FDA advisors unanimously vote to approve Moderna's mRNA after agency drama

Key Points:

• The FDA’s Vaccines and Related Biological Products Advisory Committee (VRBPAC) voted unanimously (9–0) to support approval of Moderna’s seasonal mRNA flu vaccine, mRNA-1010 (mFlusiva), after reviewing strong efficacy and safety data from Phase 3 trials in adults 50 and older.
• The mRNA flu vaccine showed approximately 27% greater effectiveness than standard flu shots and elicited stronger immune responses than high-dose vaccines in adults 65 and older, with experts praising the agile mRNA platform for its potential in rapid vaccine development and pandemic preparedness.

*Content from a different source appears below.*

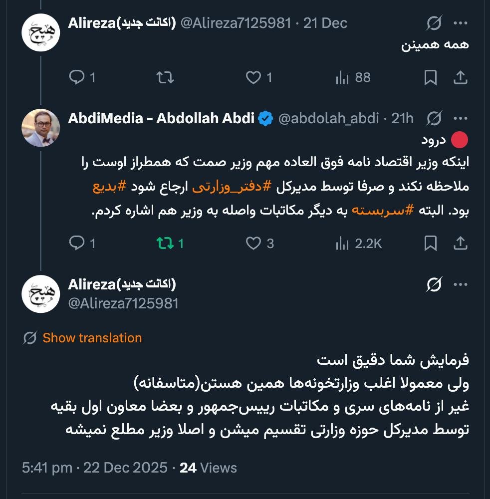 Home/PoliticsWhat is the topic?Read2 minutes -Thursday 2025/12/25 - 18:22News Code:24020Share It can be justified that the Director General of the Ministerial Office or the Director General of the Organizations' Directorate or the Director General of the Governor's Department; due to the minister's busy schedule, initially refers correspondence from non-equal or senior officials of the system with the authority he has from the minister and requests the result from the headquarters and ranks, and then, once the response and report are received, informs the records.But two very important points in this correspondence have been overlooked:First: An important issue was personally signed and sent by the Chief Minister of one ministry to the Chief Minister of another ministry (due to the powers of the ministries), and it is natural that the dignity of ministers and the status of the letter required that the Minister of Economic Affairs and Finance consider and refer it.Second: Where in this letter do you see that Mr. Mohammad Anbari, as the Director General of the Ministry's Office, at least demanded the result from the recipients after the referral?!!!🔴درود💢میشود توجیه کرد مدیر کل دفتر وزارتی یا مدیر کل حوزه ریاست سازمان ها یا مدیرکل حوزه استاندار؛ به خاطر مشغله #وزیر، مکاتبات #غیر_همطراز یا مسئولان ارشد نظام را #بدواً با اختیاری که از #وزیر دارد ارجاع کند و #نتیجه را از ستاد و صف بخواهد و بعد که پاسخ و گزارش واصل شد، سوابق را باستحضار برساند.📌 اما دونکته در این مکاتبه بسیار مهم است که مغفول مانده:🔸اول: موضوعی مهم را ابر وزیر یک وزارت خانه با امضای خود به ابر وزیر یک وزارت خانه دیگر (از بابت اختیارات وزارت خانه ها) شخصاً امضا کرده و فرستاده و طبیعی است شان وزیران و شئون نامه اقتضا میکرد شخص وزیر امور اقتصادی و دارایی آن را ملاحظه و ارجاع کند.🔸دوم: در کجای این نامه ملاحظه می فرمایید که آقای #محمد_عنبری به عنوان مدیرکل دفتر وزارتی حداقل پس از ارجاع از مخاطبان #نتیجه را مطالبه کرده باشد؟!!!— Abdollah Abdi (@abdolah_abdi) December 23, 2025 Take less than a minute, register and share your opinion under this post.Insulting or inciting messages will be deleted.Sign UpComming Up Next It was novel that the Minister of Economy did not consider the extremely important letter from Minister Samat, who is on his level, and that it was merely referred to by the Director General of the Ministry's Office. Of course, I also briefly mentioned otخواندن 1 minute Notification of Ahvaz Jundishapur University of Medical Sciences was canceledخواندن 1 minute Greetings, Mr. Sadeghi Moghadam has been the Deputy Executive and Election Affairs of the Guardian Council for many years and was a member of the Guardian Council's legal team for a while, but was not introduced this time.خواندن 2 minutes Saeed Ohadi moved from deputy to advisor to the presidentخواندن 1 minute finally that prison director full of strange news is goneخواندن 1 minuteMost ReadMemories of Akbar Hashemi - February 20, 2000 - Meeting with Abdullah Jasbi and Concerns About Election ResultsMovie / Where is Commander Morteza Talaie?Akbar Hashemi's memoirs - 1999 September 10 - The two-person political negotiations with Vaez Tabasi continued until he was escorted to Tehran, where Hashemi apparently decided to seriously participate in the sixth parliamentary elections.The records of the recent periods of the Islamic Council showed that the parliament is not in charge of affairs and cannot interfere or pass resolutions on the authority of the Commander-in-Chief of the Armed Forces at any level, let alone supervise.What will be the future of Iran with the announced candidates for the presidential election? / Conversation with Dr. Taghi Azad AramakiCan I feel tired with you?A Basiji veterinarian was appointed head of the health network instead of an otolaryngologist.Akbar Hashemi's memoirs - 1999 September 5 - The meeting of the senior managers of the judiciary with Hashemi Rafsanjani and their complaint about the neglect of Hashemi Shahroudi, the new head of the judiciary, continues.Memories of Akbar Hashemi - 1999 September 7 - In continuation of the efforts of the late Vaez Tabasi, who used to encourage Hashemi to participate in the elections in frequent meetings, this time he also met with Hashemi.Akbar Hashemi's memories - 1999 September 9 - Continued visits to the belongings, buildings and works of Astan Quds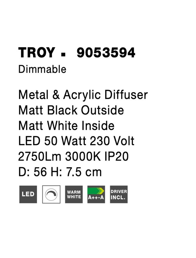 Срок на доставка: ПО ЗАПИТВАНЕ Продуктова информация Материал: Metal & Acrylic Diffuser Matt Black Outside Matt White Inside Тип крушка: LED 50 Watt 230 Volt 2750Lm 3000K IP20 Код: 9053594 Тип продукт: COMFORT Размери: D: 56 H: 7.5 cm

• The unanimous vote contrasts with a prior decision by former Trump appointee Vinay Prasad, who initially blocked the vaccine’s review due to trial design concerns, a move later reversed after backlash; Prasad was subsequently removed from the FDA amid multiple controversial decisions.
• Moderna expressed satisfaction with the advisory committee’s recommendation and aims to release the vaccine later this year, pending FDA approval expected by August 5, followed by a recommendation process from the CDC’s Advisory Committee on Immunization Practices (ACIP).
• The ACIP’s functionality is currently hindered by a court injunction blocking the appointment of members installed by Health Secretary Robert F. Kennedy Jr., many of whom hold anti-vaccine views; the Department of Health and Human Services is appealing the injunction, with the legal process extending into July.